→ EXERCISE GOAL
From the listing below, please restate exactly the lines beginning at the one with "If the length" and ending at the one with "音樂節(jié)目中,孔院合", both included, and skip the pictures.

→ AVAILABLE DATA
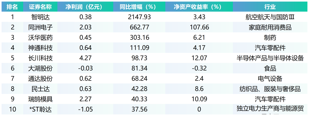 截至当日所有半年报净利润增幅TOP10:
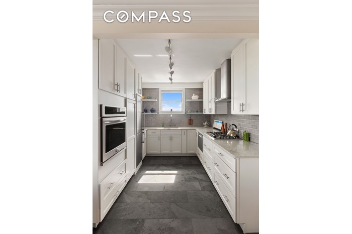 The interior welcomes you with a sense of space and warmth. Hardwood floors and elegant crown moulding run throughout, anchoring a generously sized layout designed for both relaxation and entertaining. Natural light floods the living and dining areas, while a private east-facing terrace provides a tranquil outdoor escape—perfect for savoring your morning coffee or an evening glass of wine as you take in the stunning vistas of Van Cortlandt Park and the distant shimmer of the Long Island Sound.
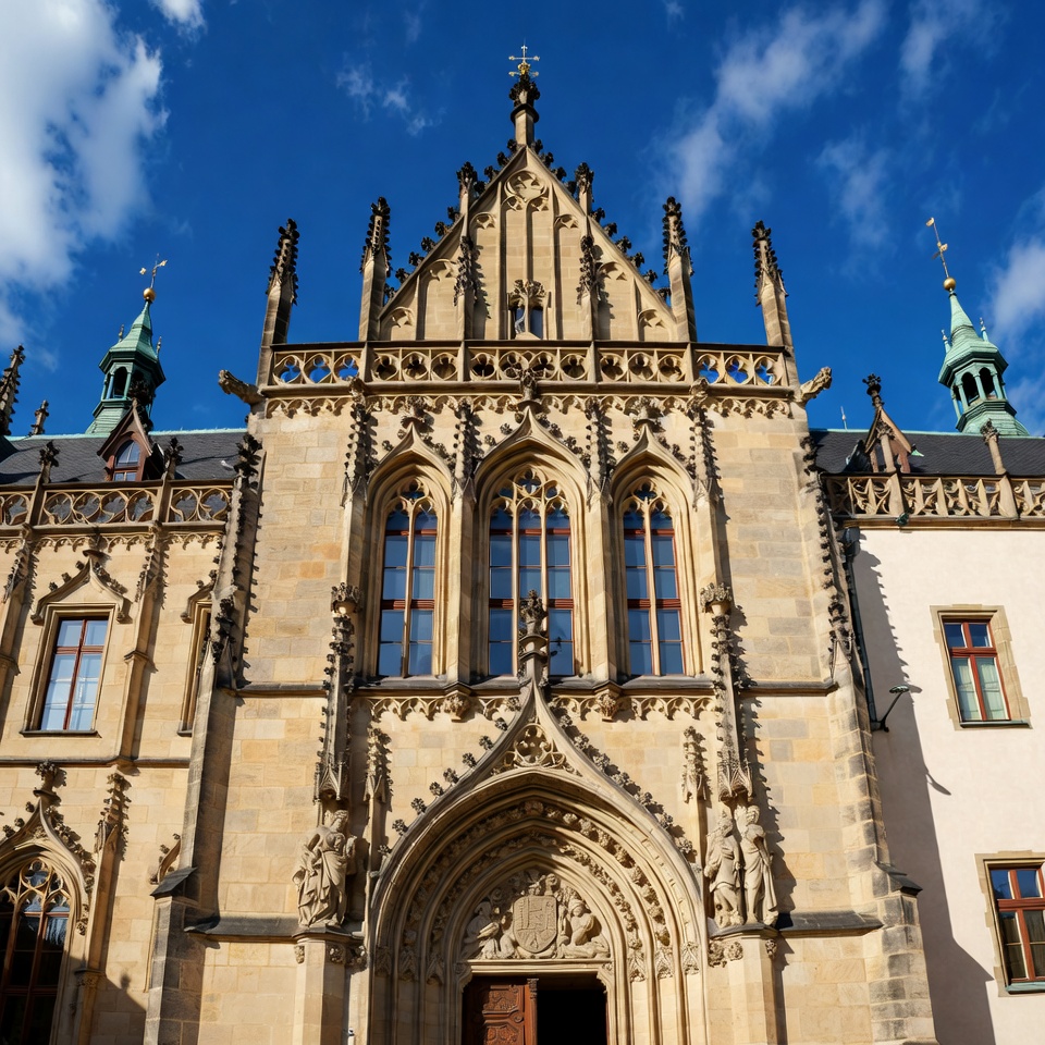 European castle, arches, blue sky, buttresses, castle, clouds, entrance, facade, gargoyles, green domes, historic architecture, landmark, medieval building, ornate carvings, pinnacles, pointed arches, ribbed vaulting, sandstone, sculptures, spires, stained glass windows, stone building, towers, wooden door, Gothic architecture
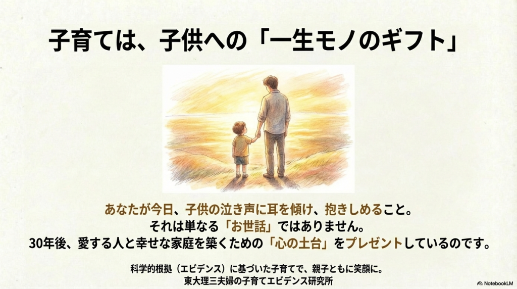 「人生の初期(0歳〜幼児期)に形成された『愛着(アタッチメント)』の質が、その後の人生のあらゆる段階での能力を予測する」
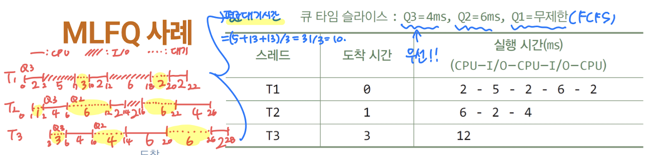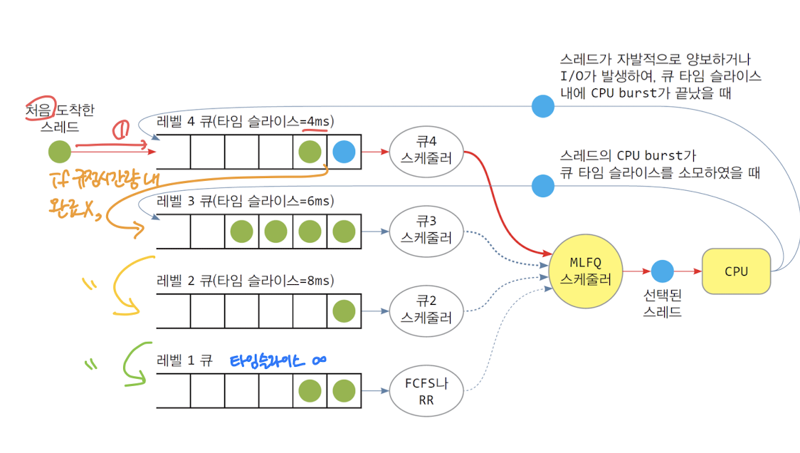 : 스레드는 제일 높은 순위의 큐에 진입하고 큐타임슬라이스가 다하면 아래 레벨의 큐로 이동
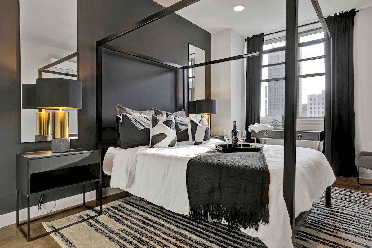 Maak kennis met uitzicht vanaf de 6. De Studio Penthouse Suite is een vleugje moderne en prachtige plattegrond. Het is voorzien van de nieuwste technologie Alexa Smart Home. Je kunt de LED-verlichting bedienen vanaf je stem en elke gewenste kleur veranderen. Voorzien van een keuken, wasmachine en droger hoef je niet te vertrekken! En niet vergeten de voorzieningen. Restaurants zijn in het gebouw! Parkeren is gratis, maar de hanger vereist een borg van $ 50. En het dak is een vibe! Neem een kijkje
...
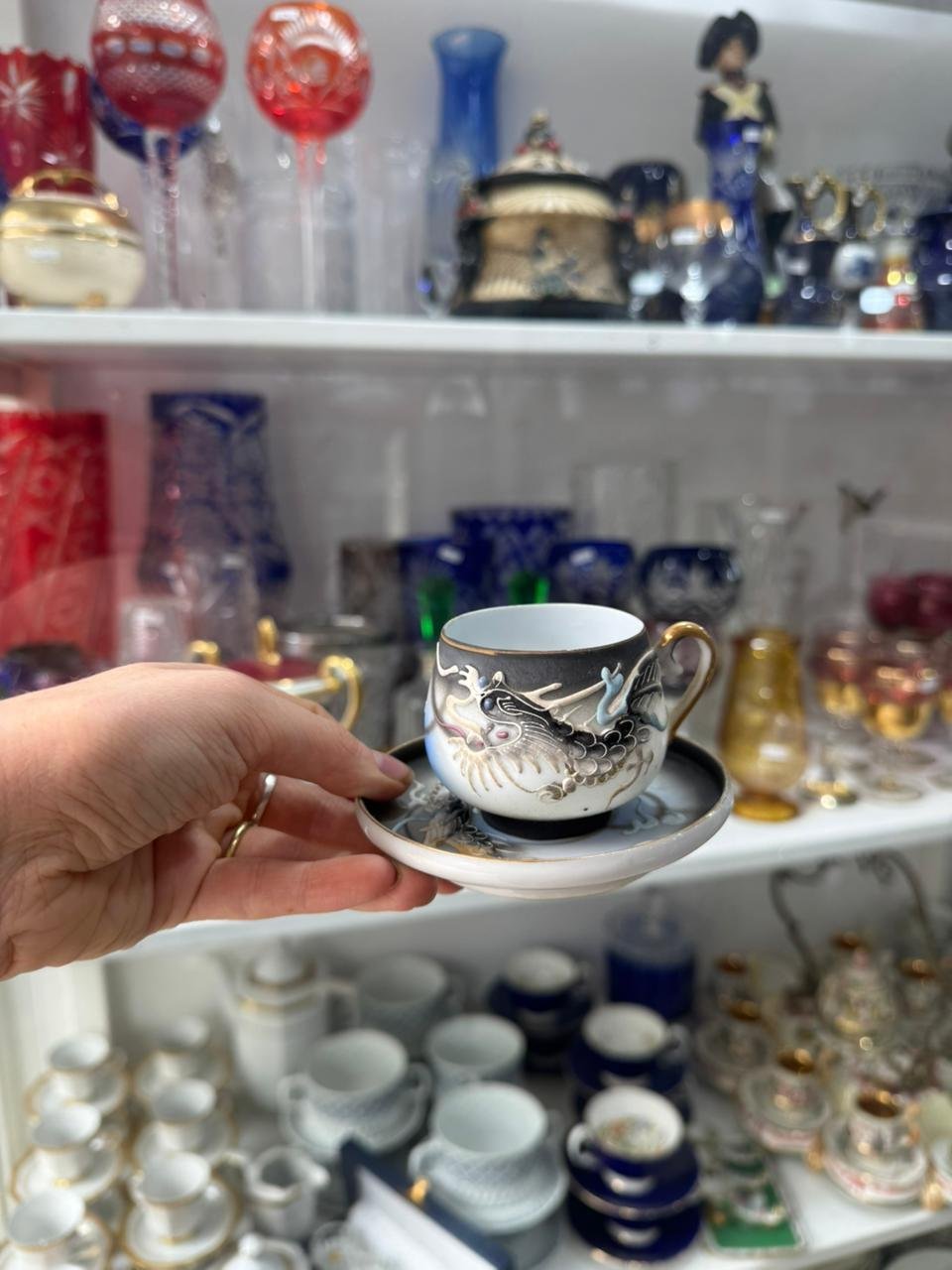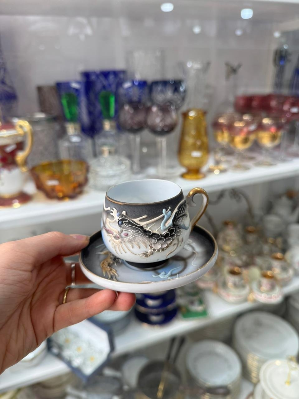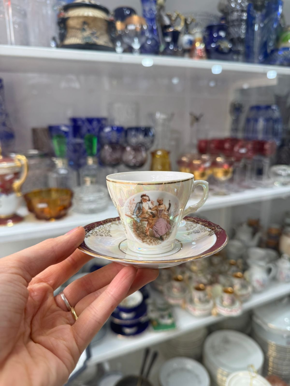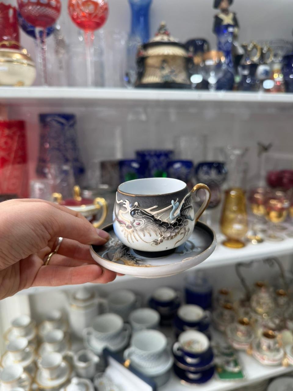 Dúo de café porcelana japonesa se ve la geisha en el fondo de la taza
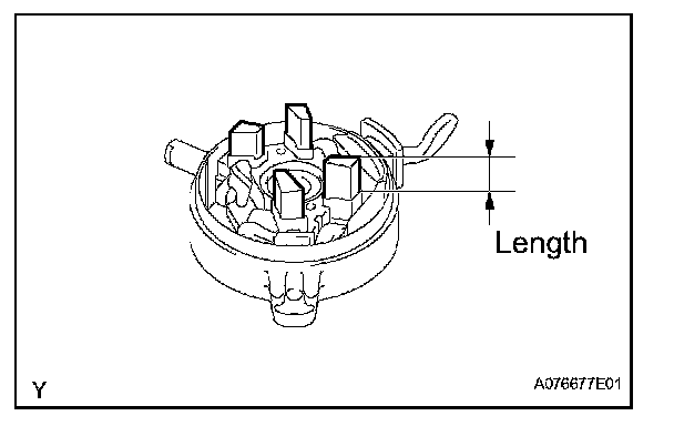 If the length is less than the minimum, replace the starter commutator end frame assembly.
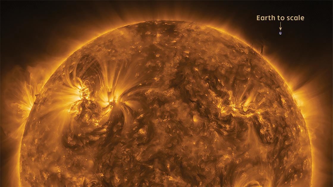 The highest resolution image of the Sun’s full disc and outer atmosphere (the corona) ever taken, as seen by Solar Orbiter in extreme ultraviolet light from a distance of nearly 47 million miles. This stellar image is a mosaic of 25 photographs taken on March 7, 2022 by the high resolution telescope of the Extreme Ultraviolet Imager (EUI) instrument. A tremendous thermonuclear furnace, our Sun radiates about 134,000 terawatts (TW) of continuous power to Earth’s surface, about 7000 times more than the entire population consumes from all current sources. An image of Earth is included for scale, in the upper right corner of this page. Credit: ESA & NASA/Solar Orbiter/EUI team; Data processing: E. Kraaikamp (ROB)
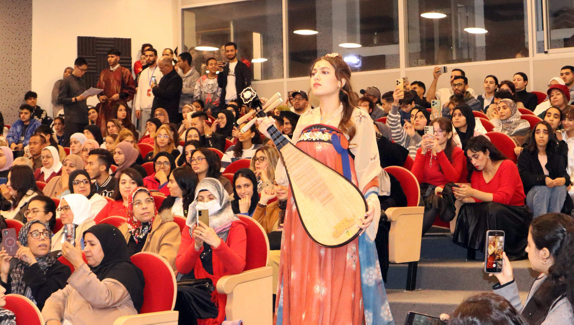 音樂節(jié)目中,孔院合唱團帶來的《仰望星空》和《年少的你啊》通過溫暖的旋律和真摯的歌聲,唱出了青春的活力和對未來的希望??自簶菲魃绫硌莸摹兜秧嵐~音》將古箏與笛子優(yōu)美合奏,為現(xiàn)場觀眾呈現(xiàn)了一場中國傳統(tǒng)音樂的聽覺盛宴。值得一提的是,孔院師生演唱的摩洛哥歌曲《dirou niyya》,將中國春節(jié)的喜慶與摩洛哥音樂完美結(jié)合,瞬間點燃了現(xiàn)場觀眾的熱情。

→ FINISHED EXERCISE
 If the length is less than the minimum, replace the starter commutator end frame assembly.
 The highest resolution image of the Sun’s full disc and outer atmosphere (the corona) ever taken, as seen by Solar Orbiter in extreme ultraviolet light from a distance of nearly 47 million miles. This stellar image is a mosaic of 25 photographs taken on March 7, 2022 by the high resolution telescope of the Extreme Ultraviolet Imager (EUI) instrument. A tremendous thermonuclear furnace, our Sun radiates about 134,000 terawatts (TW) of continuous power to Earth’s surface, about 7000 times more than the entire population consumes from all current sources. An image of Earth is included for scale, in the upper right corner of this page. Credit: ESA & NASA/Solar Orbiter/EUI team; Data processing: E. Kraaikamp (ROB)
 音樂節(jié)目中,孔院合唱團帶來的《仰望星空》和《年少的你啊》通過溫暖的旋律和真摯的歌聲,唱出了青春的活力和對未來的希望??自簶菲魃绫硌莸摹兜秧嵐~音》將古箏與笛子優(yōu)美合奏,為現(xiàn)場觀眾呈現(xiàn)了一場中國傳統(tǒng)音樂的聽覺盛宴。值得一提的是,孔院師生演唱的摩洛哥歌曲《dirou niyya》,將中國春節(jié)的喜慶與摩洛哥音樂完美結(jié)合,瞬間點燃了現(xiàn)場觀眾的熱情。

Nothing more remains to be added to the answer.